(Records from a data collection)
▼

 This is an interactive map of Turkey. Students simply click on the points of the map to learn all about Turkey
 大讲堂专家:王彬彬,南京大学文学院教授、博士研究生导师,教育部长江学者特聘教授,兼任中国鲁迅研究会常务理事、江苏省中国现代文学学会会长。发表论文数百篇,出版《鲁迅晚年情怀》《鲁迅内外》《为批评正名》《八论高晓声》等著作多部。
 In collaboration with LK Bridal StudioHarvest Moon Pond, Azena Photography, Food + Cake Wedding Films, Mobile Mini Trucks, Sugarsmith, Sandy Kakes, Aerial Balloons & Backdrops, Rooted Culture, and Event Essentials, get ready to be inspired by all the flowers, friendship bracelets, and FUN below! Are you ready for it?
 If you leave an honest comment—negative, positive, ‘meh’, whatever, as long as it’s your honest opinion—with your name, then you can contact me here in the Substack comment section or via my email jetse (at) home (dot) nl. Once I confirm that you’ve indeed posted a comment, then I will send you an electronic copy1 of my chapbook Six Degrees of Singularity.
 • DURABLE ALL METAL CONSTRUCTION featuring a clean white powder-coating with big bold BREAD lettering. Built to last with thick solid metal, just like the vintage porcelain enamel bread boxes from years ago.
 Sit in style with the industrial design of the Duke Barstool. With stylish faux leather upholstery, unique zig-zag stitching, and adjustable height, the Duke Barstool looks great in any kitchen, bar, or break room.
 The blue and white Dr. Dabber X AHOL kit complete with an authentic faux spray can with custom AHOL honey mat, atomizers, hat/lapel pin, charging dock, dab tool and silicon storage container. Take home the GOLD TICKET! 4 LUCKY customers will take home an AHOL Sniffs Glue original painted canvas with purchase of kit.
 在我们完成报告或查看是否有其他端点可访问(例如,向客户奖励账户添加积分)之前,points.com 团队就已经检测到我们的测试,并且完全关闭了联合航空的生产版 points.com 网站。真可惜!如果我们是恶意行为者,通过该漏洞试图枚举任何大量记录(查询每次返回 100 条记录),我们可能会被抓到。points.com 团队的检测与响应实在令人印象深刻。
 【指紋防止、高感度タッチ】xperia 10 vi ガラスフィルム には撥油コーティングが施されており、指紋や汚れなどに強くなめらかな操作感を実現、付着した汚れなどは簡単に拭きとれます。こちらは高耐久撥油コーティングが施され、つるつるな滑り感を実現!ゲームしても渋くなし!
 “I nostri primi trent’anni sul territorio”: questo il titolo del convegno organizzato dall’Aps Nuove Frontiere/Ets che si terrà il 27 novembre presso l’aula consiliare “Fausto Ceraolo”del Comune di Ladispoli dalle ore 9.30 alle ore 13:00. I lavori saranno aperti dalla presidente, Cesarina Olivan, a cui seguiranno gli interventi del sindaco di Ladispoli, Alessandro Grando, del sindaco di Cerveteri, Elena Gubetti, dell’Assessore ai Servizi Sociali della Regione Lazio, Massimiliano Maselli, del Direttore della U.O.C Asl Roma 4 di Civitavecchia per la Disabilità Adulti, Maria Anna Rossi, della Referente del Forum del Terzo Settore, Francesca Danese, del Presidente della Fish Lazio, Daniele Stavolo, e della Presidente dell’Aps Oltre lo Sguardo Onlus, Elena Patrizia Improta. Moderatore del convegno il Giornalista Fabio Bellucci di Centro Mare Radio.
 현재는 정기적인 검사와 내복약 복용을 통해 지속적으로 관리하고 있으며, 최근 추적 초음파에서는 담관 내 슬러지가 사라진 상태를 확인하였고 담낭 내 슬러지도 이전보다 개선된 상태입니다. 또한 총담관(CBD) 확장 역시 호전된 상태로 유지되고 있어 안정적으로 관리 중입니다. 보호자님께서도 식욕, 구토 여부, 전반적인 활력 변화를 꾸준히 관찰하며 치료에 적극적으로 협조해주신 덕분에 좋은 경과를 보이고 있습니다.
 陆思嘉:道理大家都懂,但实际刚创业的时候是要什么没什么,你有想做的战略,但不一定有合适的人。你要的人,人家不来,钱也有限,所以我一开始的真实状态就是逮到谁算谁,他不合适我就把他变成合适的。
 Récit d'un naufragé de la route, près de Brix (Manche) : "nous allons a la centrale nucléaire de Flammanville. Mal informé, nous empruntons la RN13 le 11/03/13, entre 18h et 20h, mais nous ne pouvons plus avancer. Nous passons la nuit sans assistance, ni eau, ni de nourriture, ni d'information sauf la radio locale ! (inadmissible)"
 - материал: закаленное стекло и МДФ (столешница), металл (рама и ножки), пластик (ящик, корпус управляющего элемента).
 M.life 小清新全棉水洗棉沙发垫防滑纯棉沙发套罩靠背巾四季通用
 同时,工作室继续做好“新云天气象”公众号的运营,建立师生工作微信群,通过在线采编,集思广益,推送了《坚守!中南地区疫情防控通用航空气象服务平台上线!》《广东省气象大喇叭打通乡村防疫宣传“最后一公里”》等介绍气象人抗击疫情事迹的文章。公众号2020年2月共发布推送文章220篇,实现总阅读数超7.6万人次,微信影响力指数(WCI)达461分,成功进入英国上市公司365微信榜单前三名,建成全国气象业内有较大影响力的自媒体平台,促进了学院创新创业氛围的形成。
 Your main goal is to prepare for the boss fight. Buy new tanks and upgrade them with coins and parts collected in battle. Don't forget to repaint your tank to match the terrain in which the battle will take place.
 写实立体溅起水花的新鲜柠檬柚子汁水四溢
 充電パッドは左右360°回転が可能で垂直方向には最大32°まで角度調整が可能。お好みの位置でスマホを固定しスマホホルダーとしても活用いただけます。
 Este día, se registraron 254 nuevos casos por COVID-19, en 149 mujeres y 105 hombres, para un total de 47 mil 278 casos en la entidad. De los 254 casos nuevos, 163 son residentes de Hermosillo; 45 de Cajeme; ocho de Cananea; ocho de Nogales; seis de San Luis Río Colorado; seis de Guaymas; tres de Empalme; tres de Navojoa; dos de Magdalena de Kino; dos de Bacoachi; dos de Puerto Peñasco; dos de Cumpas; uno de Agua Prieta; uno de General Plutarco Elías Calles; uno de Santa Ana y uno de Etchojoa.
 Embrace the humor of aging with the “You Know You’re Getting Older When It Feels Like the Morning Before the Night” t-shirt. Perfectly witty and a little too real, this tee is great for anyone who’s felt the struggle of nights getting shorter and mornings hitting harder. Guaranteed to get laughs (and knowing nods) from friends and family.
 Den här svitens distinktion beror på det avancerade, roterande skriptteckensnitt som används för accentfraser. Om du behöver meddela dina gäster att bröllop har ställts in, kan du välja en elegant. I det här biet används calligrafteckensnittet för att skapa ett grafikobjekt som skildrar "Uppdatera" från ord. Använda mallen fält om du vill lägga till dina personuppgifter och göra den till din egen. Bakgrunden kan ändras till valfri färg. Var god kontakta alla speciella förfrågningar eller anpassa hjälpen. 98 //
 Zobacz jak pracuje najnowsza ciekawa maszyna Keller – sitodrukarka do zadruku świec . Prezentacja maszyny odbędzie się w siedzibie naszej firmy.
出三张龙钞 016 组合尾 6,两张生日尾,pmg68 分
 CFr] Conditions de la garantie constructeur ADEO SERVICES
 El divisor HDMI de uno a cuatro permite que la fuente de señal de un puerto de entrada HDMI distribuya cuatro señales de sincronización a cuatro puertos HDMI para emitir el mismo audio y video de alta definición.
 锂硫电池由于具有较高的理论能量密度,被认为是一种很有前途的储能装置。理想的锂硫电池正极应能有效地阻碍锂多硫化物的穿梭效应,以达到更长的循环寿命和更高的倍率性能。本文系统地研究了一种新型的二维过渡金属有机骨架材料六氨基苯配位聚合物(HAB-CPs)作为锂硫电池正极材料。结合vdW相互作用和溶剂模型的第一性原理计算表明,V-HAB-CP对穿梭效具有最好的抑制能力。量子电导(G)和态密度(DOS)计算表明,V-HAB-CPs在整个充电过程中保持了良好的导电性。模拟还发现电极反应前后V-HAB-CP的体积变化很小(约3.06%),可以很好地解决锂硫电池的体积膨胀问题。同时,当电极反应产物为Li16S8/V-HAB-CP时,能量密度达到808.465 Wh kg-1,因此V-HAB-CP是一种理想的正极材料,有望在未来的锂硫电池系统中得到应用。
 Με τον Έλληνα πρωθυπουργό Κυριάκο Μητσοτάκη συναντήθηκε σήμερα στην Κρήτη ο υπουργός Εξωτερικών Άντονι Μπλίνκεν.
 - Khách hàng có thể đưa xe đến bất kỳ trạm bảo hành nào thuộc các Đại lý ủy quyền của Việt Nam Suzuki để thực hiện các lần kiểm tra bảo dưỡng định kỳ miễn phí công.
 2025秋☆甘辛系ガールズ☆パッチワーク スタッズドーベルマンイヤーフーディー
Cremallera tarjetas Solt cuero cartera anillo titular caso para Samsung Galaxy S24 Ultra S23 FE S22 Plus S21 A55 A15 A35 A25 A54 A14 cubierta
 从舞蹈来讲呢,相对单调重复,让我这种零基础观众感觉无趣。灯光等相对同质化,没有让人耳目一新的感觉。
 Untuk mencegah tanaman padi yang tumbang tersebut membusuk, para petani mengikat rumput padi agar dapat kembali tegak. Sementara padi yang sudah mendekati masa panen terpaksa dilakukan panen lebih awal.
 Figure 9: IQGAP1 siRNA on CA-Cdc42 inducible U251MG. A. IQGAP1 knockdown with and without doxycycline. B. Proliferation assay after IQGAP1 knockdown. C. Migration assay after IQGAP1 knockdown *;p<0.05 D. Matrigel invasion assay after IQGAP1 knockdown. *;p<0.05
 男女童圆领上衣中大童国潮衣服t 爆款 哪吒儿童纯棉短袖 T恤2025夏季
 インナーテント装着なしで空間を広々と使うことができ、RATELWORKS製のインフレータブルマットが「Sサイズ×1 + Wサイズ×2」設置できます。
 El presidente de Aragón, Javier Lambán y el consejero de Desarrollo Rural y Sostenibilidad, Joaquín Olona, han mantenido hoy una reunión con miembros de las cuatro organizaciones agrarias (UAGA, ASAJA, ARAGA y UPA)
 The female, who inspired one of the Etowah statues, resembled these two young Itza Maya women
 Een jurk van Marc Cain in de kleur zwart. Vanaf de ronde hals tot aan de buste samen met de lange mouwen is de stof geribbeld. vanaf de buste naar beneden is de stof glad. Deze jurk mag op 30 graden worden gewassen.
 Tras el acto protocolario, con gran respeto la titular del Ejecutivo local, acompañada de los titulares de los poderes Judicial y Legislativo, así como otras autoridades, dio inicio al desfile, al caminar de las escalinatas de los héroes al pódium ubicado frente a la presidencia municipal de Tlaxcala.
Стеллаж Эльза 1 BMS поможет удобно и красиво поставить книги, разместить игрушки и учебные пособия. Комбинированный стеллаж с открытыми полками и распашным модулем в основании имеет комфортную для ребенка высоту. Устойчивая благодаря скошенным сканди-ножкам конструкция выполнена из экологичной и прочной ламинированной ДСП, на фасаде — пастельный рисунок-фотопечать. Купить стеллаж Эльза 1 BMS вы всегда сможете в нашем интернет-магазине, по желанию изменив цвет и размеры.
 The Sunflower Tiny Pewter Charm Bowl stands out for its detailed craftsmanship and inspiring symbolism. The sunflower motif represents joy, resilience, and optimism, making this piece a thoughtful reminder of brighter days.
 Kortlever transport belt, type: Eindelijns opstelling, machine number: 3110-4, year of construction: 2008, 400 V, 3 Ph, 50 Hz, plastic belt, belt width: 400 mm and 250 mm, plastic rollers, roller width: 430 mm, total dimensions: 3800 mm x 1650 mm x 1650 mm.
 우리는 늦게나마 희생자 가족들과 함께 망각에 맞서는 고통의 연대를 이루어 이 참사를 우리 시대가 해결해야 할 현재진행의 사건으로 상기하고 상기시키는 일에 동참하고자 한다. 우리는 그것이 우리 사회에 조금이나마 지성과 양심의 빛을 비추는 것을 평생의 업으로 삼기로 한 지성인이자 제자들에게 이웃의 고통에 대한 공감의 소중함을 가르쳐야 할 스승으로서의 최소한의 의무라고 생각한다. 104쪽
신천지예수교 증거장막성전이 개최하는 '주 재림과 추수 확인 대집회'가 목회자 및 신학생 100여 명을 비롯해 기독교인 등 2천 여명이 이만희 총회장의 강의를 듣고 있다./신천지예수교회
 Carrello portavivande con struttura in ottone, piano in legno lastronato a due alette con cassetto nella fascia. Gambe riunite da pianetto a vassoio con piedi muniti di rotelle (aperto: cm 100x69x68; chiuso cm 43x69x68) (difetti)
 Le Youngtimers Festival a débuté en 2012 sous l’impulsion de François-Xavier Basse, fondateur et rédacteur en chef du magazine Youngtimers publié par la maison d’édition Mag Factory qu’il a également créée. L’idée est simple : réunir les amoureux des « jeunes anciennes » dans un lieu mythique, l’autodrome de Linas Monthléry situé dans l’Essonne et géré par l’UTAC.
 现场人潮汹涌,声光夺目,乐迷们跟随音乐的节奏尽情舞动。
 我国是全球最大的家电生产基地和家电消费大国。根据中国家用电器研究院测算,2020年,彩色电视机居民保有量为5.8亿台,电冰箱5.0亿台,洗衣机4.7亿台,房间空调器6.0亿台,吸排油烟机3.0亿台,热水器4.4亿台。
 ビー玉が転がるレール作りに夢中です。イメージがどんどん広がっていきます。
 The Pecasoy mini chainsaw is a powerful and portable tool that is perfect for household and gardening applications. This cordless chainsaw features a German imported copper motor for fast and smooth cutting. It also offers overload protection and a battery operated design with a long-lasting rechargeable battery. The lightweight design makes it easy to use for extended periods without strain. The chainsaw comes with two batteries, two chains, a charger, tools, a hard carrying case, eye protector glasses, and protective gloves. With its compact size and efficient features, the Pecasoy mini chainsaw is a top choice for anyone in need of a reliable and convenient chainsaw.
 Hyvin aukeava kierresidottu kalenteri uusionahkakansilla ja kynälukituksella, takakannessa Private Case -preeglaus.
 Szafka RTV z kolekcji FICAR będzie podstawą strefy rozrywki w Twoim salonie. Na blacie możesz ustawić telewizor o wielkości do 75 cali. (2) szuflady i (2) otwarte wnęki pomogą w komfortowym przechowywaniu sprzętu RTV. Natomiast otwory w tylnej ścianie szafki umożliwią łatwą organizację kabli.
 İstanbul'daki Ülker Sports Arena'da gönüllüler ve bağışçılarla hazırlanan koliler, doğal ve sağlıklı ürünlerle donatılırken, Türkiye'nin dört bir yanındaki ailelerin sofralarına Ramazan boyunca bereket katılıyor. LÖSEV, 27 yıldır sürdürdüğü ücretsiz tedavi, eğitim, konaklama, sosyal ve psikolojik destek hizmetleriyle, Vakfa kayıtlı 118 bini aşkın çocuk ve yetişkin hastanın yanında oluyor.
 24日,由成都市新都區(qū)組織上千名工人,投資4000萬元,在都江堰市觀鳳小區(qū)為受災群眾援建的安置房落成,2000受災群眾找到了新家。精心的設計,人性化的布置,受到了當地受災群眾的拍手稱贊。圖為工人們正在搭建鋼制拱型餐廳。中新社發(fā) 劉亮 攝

▲

[What is being asked] Both the line containing "from years ago." and the line containing "현재는 정기적인 검사와" belong in the answer. Print them and every line above that falls between them exactly, and no others.

[Solved problem]
 • DURABLE ALL METAL CONSTRUCTION featuring a clean white powder-coating with big bold BREAD lettering. Built to last with thick solid metal, just like the vintage porcelain enamel bread boxes from years ago.
 Sit in style with the industrial design of the Duke Barstool. With stylish faux leather upholstery, unique zig-zag stitching, and adjustable height, the Duke Barstool looks great in any kitchen, bar, or break room.
 The blue and white Dr. Dabber X AHOL kit complete with an authentic faux spray can with custom AHOL honey mat, atomizers, hat/lapel pin, charging dock, dab tool and silicon storage container. Take home the GOLD TICKET! 4 LUCKY customers will take home an AHOL Sniffs Glue original painted canvas with purchase of kit.
 在我们完成报告或查看是否有其他端点可访问(例如,向客户奖励账户添加积分)之前,points.com 团队就已经检测到我们的测试,并且完全关闭了联合航空的生产版 points.com 网站。真可惜!如果我们是恶意行为者,通过该漏洞试图枚举任何大量记录(查询每次返回 100 条记录),我们可能会被抓到。points.com 团队的检测与响应实在令人印象深刻。
 【指紋防止、高感度タッチ】xperia 10 vi ガラスフィルム には撥油コーティングが施されており、指紋や汚れなどに強くなめらかな操作感を実現、付着した汚れなどは簡単に拭きとれます。こちらは高耐久撥油コーティングが施され、つるつるな滑り感を実現!ゲームしても渋くなし!
 “I nostri primi trent’anni sul territorio”: questo il titolo del convegno organizzato dall’Aps Nuove Frontiere/Ets che si terrà il 27 novembre presso l’aula consiliare “Fausto Ceraolo”del Comune di Ladispoli dalle ore 9.30 alle ore 13:00. I lavori saranno aperti dalla presidente, Cesarina Olivan, a cui seguiranno gli interventi del sindaco di Ladispoli, Alessandro Grando, del sindaco di Cerveteri, Elena Gubetti, dell’Assessore ai Servizi Sociali della Regione Lazio, Massimiliano Maselli, del Direttore della U.O.C Asl Roma 4 di Civitavecchia per la Disabilità Adulti, Maria Anna Rossi, della Referente del Forum del Terzo Settore, Francesca Danese, del Presidente della Fish Lazio, Daniele Stavolo, e della Presidente dell’Aps Oltre lo Sguardo Onlus, Elena Patrizia Improta. Moderatore del convegno il Giornalista Fabio Bellucci di Centro Mare Radio.
 현재는 정기적인 검사와 내복약 복용을 통해 지속적으로 관리하고 있으며, 최근 추적 초음파에서는 담관 내 슬러지가 사라진 상태를 확인하였고 담낭 내 슬러지도 이전보다 개선된 상태입니다. 또한 총담관(CBD) 확장 역시 호전된 상태로 유지되고 있어 안정적으로 관리 중입니다. 보호자님께서도 식욕, 구토 여부, 전반적인 활력 변화를 꾸준히 관찰하며 치료에 적극적으로 협조해주신 덕분에 좋은 경과를 보이고 있습니다.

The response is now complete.